Celui qui a lancé le mouvement, et qui demeure un jalon. On peut trouver décousue cette histoire de chute de neige qui bloque un avion, puis de prise d’otage d’un appareil par un homme désespéré qui a une bombe, et de tentative de sauvetage de l’avion endommagé, le tout entrecoupé d’épisodes anodins. Mais il y a une cohérence autour de l’enjeu de l’aéroport et ses pistes, poumon et cœur de la modernité.

Le Pont de Cassandra (George Pan Cosmatos, 1976)

Bonus à l’originalité et à la couleur locale: la grande majorité du film se déroule dans un bon vieux train des CFF, avec le logo d’époque. Deux terroristes pacifistes suédois posent une bombe (!) dans le bâtiment de l’OMS à Genève: l’un d’eux est tué, l’autre s’enfuit, mais contaminé par un virus qui a fuit d’une fiole. A Cornavin, il prend un train pour Stockholm. Il aura affaire à Richard Harris, Sophia Loren, Martin Sheen et O. J. Simpson, tandis que Burt Lancaster, en militaire, pilote les opérations depuis Genève. Une aventure.

Le Syndrome chinois (James Bridges, 1979)
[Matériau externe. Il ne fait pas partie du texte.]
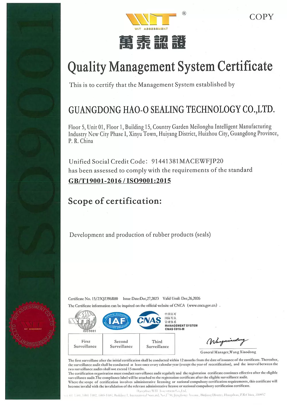 HaO Seal Technology Co., Ltd. verfügt über ein Forschungs- und Entwicklungszentrum, das kontinuierlich an der Verbesserung unserer Produktionslinien arbeitet. Wir streben danach, unseren Kunden auf Basis neuester Technologien, Expertise und Leidenschaft einen zufriedenstellenden Service zu bieten.

Un incident se produit dans une centrale nucléaire de Californie du sud alors qu’une équipe de TV s’y trouvait. Les images prises sont réquisitionnées par le directeur de la chaîne, mais le doute s’installe. Un responsable de la centrale décide de parler... Un film catastrophe presque à l’envers, sans réelle catastrophe au sens strict, mais sur lequel la menace plane à tout moment. Un superbe rôle pour Jack Lemmon en donneur d’alerte.